Вошли, сняли головные уборы и подаем ту записку, которую писал Иван Сергеевич, комендант села Черненко. Главный из Гестапо взял и передал ее своему переводчику, тот быстро прочитал и всё ему доложил: что нас не против принять на работу в село Черненко. Тогда немец нас спрашивает по одному: «Почему ты не хочешь на свою родину?» Я говорю: «Мы вот через одних знакомых узнали, что во время бомбежки наш дом разбит и родители мои погибли. Что мне там делать? Буду жить и работать в этом селе». А у самого хлынул поток слез, и слов сказать не могу. «Да у меня т-т-тута е-есть дальние р-родные, так и буду жить». Переводчик всё до слова передал гестапо. Тот смотрит на меня и говорит: «Где твой папир?» Это значит «паспорт». Я вынимаю и быстро подаю ему свой паспорт. Гестапо посмотрел на меня, на паспорт и отложил его в сторону. Потом стал спрашивать моего попутчика: «А ты почему не хочешь ехать домой?» Он говорит: «Я настолько больной, что и до дому-то не смогу добраться, – сам стоит полусогнутым и с палочкой в руках. – Всё равно, где мне умирать, а может, немного поправлюсь на свежем воздухе и тогда пойду на свое местожительство. А может, и оба пойдем вместе. Помогите уж нам, пожалуйста». Также переводчик все слова передал гестапо. Гестапо долго смотрел на нас обоих и на записку, которую мы подали, он ее так и держал в руках. Говорит переводчику: «О, о, это пишет Иван Шергеевич. Гуд-гуд Иван Шергеевич». Мы, конечно, поняли, что он очень хвалит Ивана Сергеевича. Еще бы, ведь тот – продажная сволочь, так и хочется добавить эти слова.
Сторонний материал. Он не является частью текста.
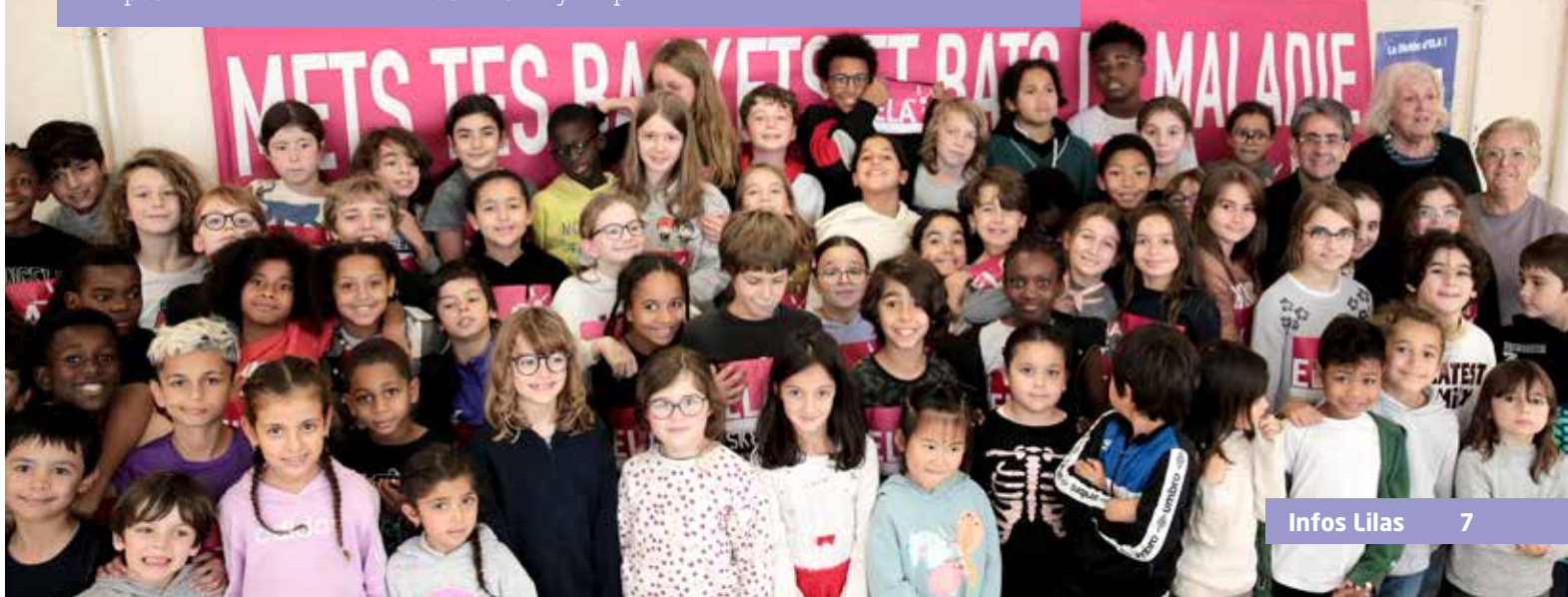
Les élèves ayant participé à la dictée

L'école Waldeck-Rousseau a accueilli une nouvelle édition de la dictée de l'association ELA pour sensibiliser les élèves aux leucodystrophies.
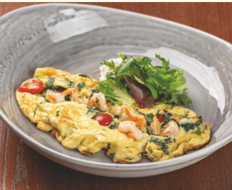
Фриттата с креветками и шпинатом 220g / 620.-
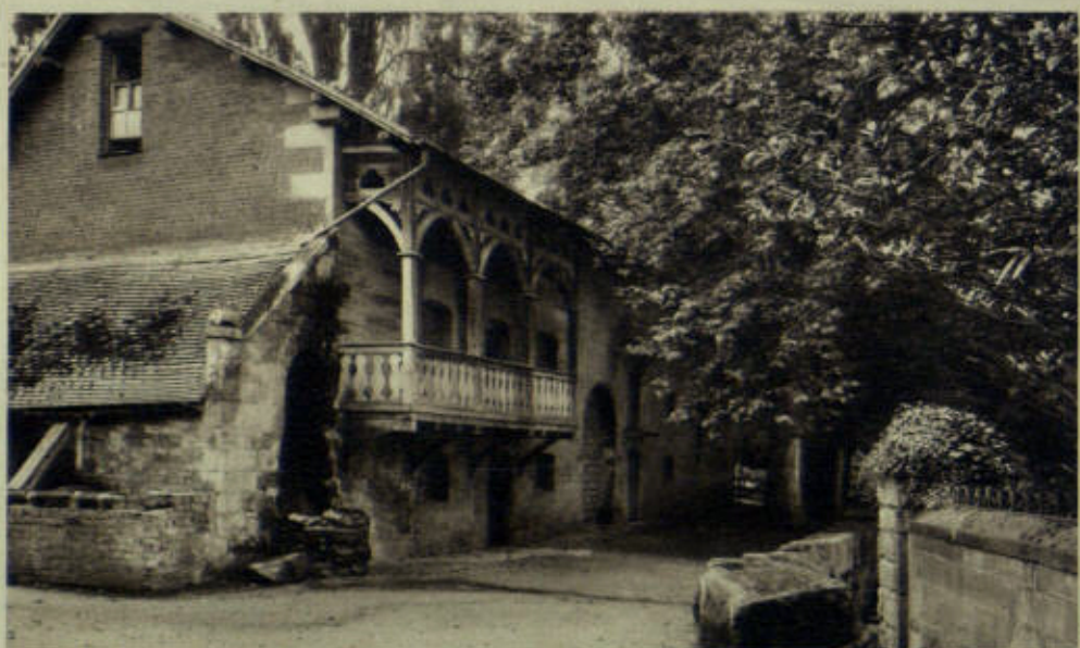
GUY'S CLIFF MILL, WARWICK
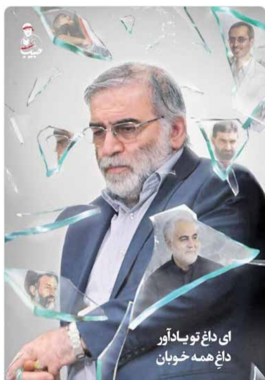
ای داغ تو یادآور داغ همه خوبان

تازنمای خبری خط انرژی در صفحه‌اش در شبکه اجتماعی X نوشت: سعید عقلی، سرپرست دیسپاچینگ گاز اعلام کرد: لاکچری نشینانی داریم که در اوج مصرف و سرما، استخرهای روباز خود را با گاز گرم می‌کنند و در عین حال برای قبض ۵۰ میلیون تومانی خود معترضند.
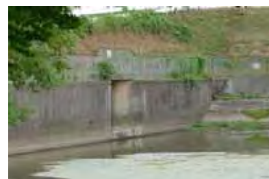
長池ー承水溝の段差
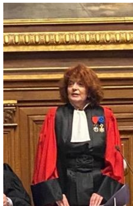
Laure BECCUAU, procureure de la République

Le temps de la suspicion n'est plus et la présence du parquet aux audiences des procédures collectives ne s'explique que par un constat : vos décisions ne sont pas seulement des jugements d'intérêt privé mais aussi des décisions avec un véritable impact d'ordre public.

Гестапо берет телефонную трубку и куда-то звонит.
Через минуту приходит еще один офицер. Вошел и поднимает руку кверху и одновременно ударяет каблуком сапога о другой каблук и произносит речь: «Хайль Гитлер!» Такой уж у них был обычай: это хвала и процветание Гитлеру. Без этих слов они ни спать не ложаться, и утром, до начала даже завтрака, они встают в строй и все одновременно поднимают руку вверх и как собаки кричат: «Хайль! Хайль! Хайль Гитлер!» Только после этого они будут вести службу или какие-либо дела.
Гестапо что-то по-немецки сказал вошедшему и подал наши паспорта. Тот быстро повернулся и вышел из кабинета.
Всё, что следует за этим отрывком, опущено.